++++ Information
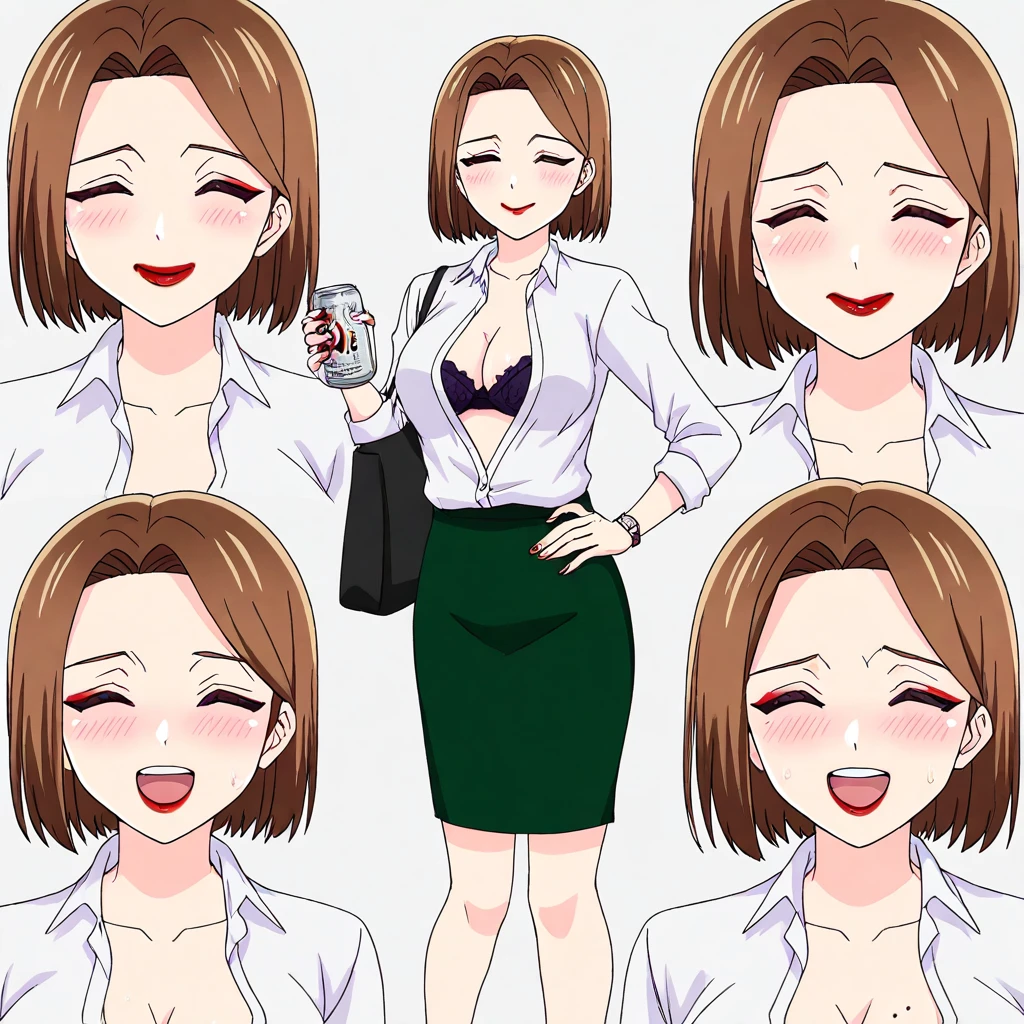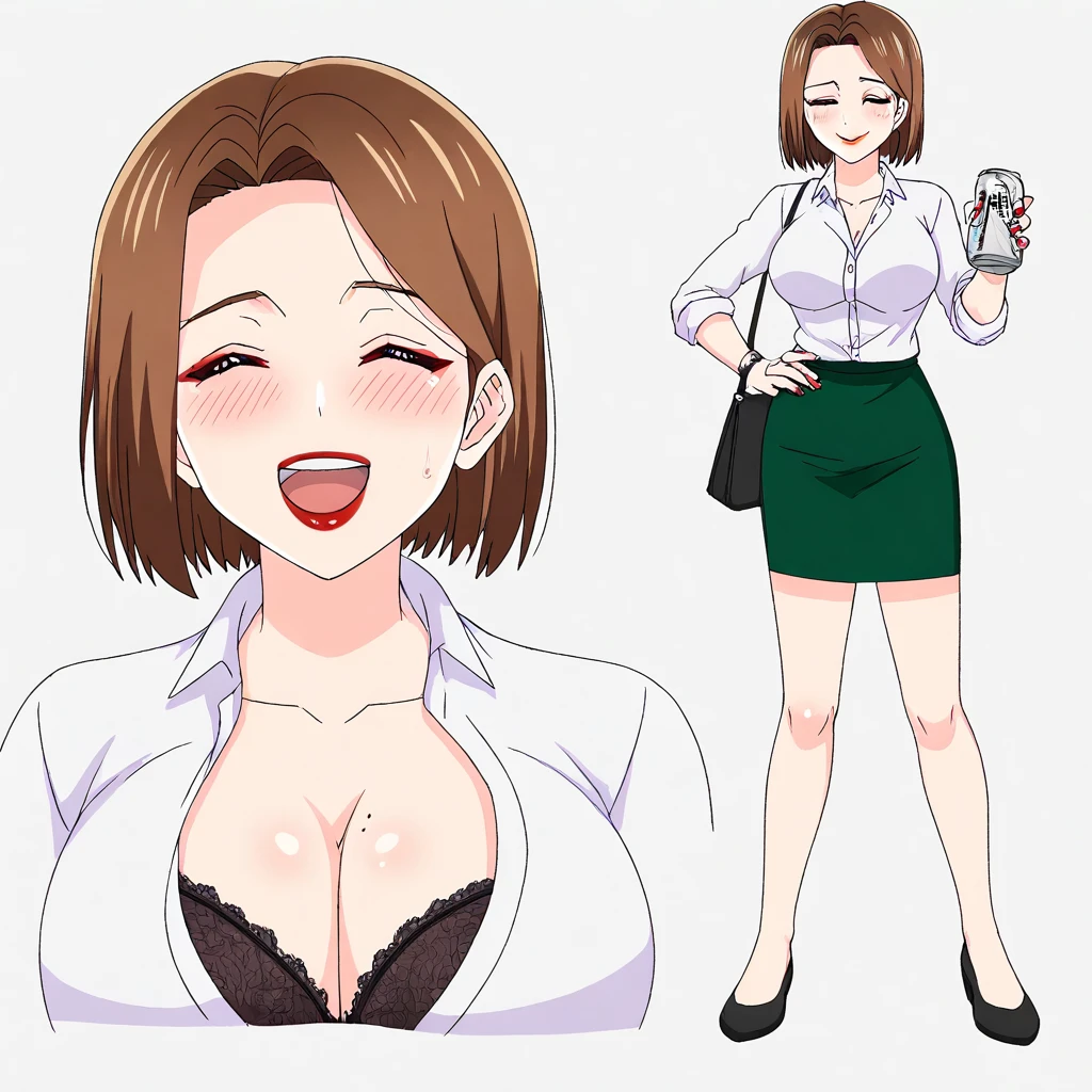 Kooriyama Yui, young woman, brown eyes, medium hair, brown hair, hair styled in a bob cut, pink lips, parted lips, white office shirt, dark green pencil skirt , skirt, shirt, long sleeves, nail polish, mole, mole on breast, jewelry,
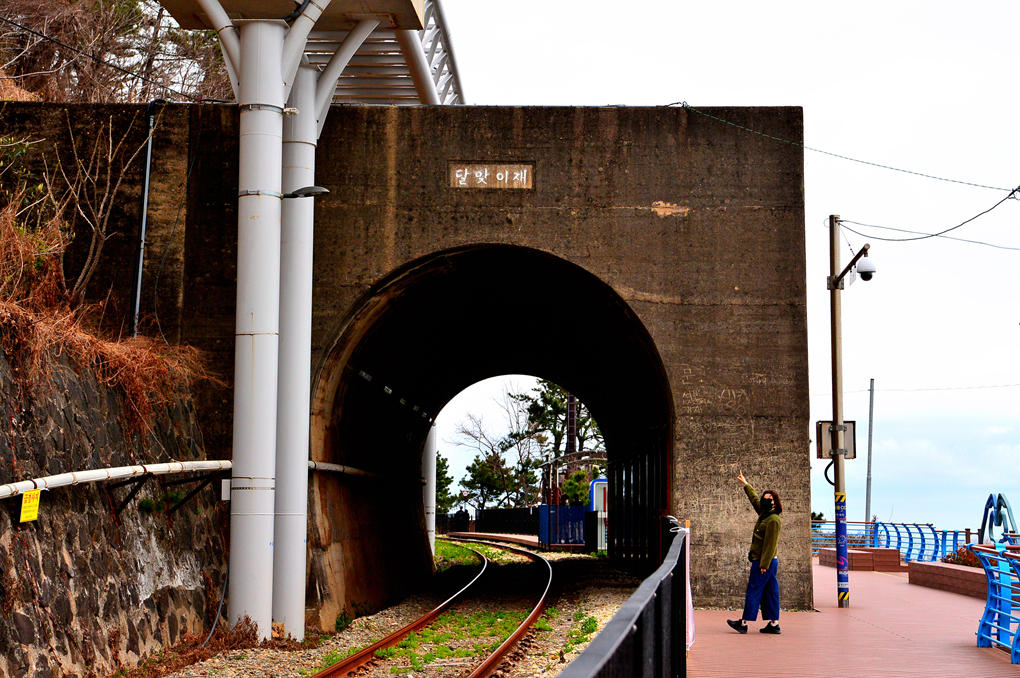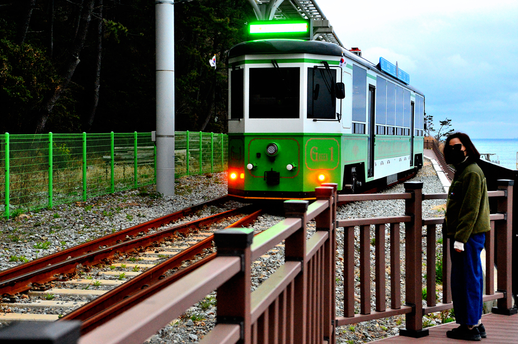 달맞이재로 들어서는 열차가 아름다운 풍경을 연출해 준다.
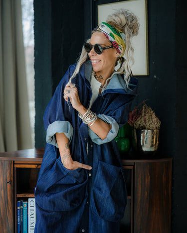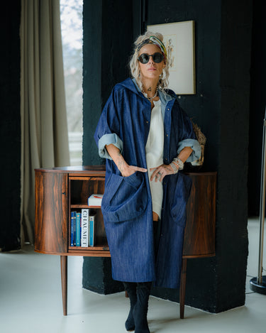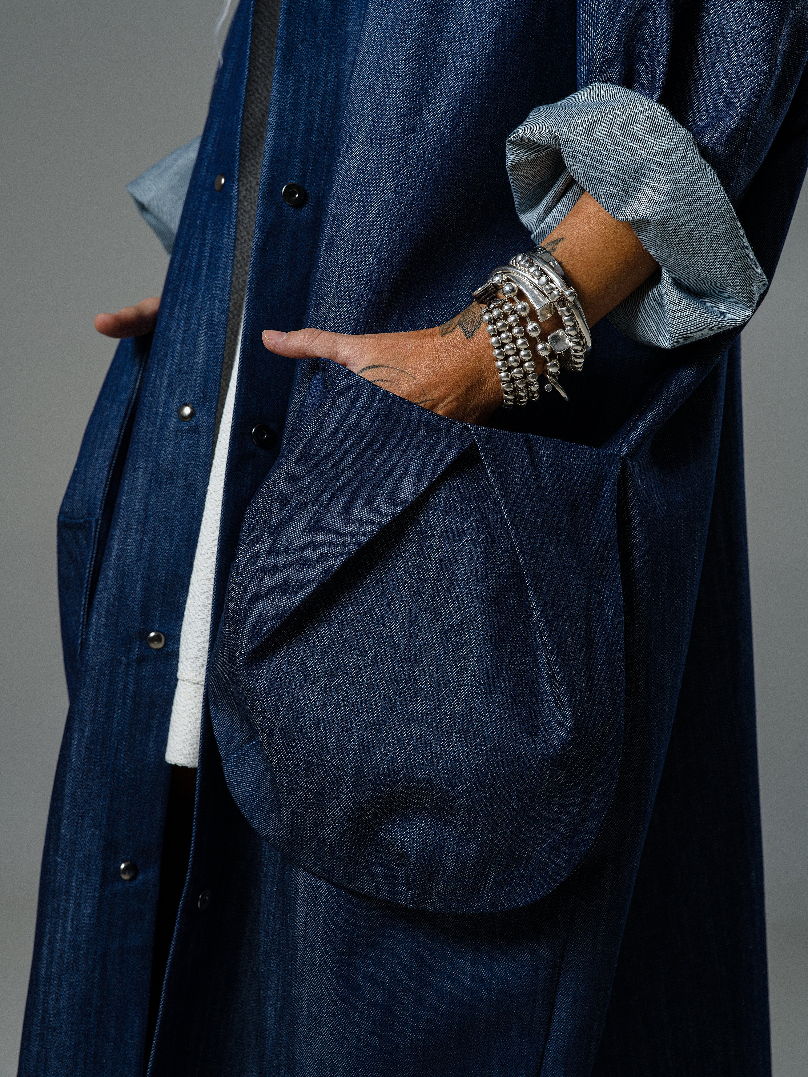 Large statement front pockets add dimension and subtle utility character. The smooth, structured fabric holds its shape beautifully, allowing the jacket to drape with intention rather than excess. The mid-length cut makes it versatile for layering across seasons.
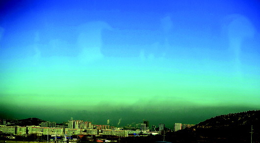 17日、18日两天,济南迎来罕见蓝天。站在济南东郊历城区和章丘市交界处附近山上向北看,能清晰看到蓝天下,黑乎乎的烟尘带,热电厂大烟囱冒着浓烟。透明度高的天气,困扰市区的空气污染看得清清楚楚。
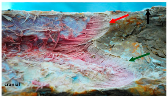 Left cranio-lateral view of a formalin-fixed horseback, showing the partly dissected lumbar LG in compartment D. The red arrow is pointing at the slim dorsal muscle belly that originates at the dorsal processes of the sacrum. The green arrow points at the flat ventral muscle portion running from the iliac crest. Muscle layers have been removed from cranial to caudal to expose fascicles from their origin to the insertion. The screw that is drilled into the dorsal process of the sacrum (black arrow) served as a reference point.
++++++++
Goal of the exercise: One exact copy of the data is required, and it should hold no pictures.

Answer section:
 Kooriyama Yui, young woman, brown eyes, medium hair, brown hair, hair styled in a bob cut, pink lips, parted lips, white office shirt, dark green pencil skirt , skirt, shirt, long sleeves, nail polish, mole, mole on breast, jewelry,
 달맞이재로 들어서는 열차가 아름다운 풍경을 연출해 준다.
 Large statement front pockets add dimension and subtle utility character. The smooth, structured fabric holds its shape beautifully, allowing the jacket to drape with intention rather than excess. The mid-length cut makes it versatile for layering across seasons.
 17日、18日两天,济南迎来罕见蓝天。站在济南东郊历城区和章丘市交界处附近山上向北看,能清晰看到蓝天下,黑乎乎的烟尘带,热电厂大烟囱冒着浓烟。透明度高的天气,困扰市区的空气污染看得清清楚楚。
 Left cranio-lateral view of a formalin-fixed horseback, showing the partly dissected lumbar LG in compartment D. The red arrow is pointing at the slim dorsal muscle belly that originates at the dorsal processes of the sacrum. The green arrow points at the flat ventral muscle portion running from the iliac crest. Muscle layers have been removed from cranial to caudal to expose fascicles from their origin to the insertion. The screw that is drilled into the dorsal process of the sacrum (black arrow) served as a reference point.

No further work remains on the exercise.